One of our professors at uni was working at Philips on this project back in the days, he had some fun trivia.. the hole in the middle is exactly the size of an old 10 guilder cent coin.
Also the first demonstration unit they built was a very small unit, very sleek. It was presented on a table with a long tablecloth, underneath which was a huge unit with all the actual electronics inside.
It reach its age of retirement!
i will miss the day cds become obsolete. I still buy them since you can rip the music to any format and has better quality than most files sold online. Cd's for me is like what vinyl was to my parents; it gives you a lot of great memories and can be displayed.
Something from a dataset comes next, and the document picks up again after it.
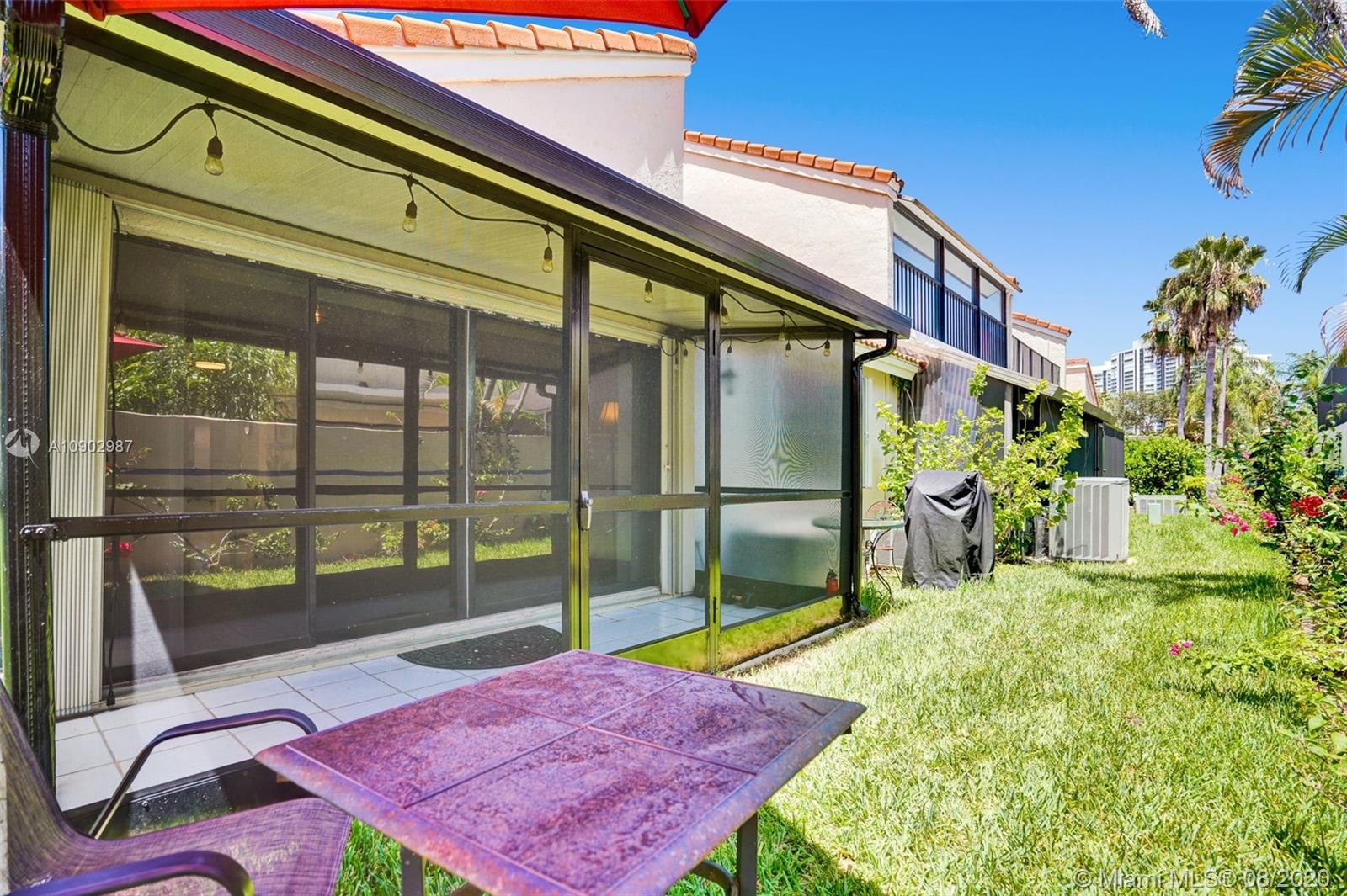 Incredible opportunity in Aventura. Corner townhome in beautiful La Mirage at Harbor Village. Highly sought-after location within the community: a large green area next to the unit. 2 Bedroom/2 Full Bathrooms. One car garage and one car driveway. Vaulted ceilings and accordion hurricane shutters. Brand new A/C. Walk to the marina and Waterway shops of Aventura. Close to Gulfstream racetrack/casino, Aventura Mall, restaurants, and parks (including a dog park). Guarded security gate, 24hr security patrol, ample guest parking. Click for a video: https://youtu.be/wGQzfW154ec

Also, I love opening a cd and going through the sleeve and looking at the cd art itself.
As a format for holding music, there is nothing more versatile than a CD. Without them, MP3 would sound even worse (ripped from Vinyl/Cassettes) and the ability to be ripped into any digital format going is good enough reason for them to remain for another 30 years at least.
As for the comment about not hearing differences between AAC+ and Lossless, then you sir have poor hearing. I switched from 128kbps AAC to AIFF and even discounting better bass fidelity from the iPod, AIFF sounds much brighter than AAC ever could. Whilst I have vastly reduced capacity on my 80GB Classic, I've got much better fidelity in return.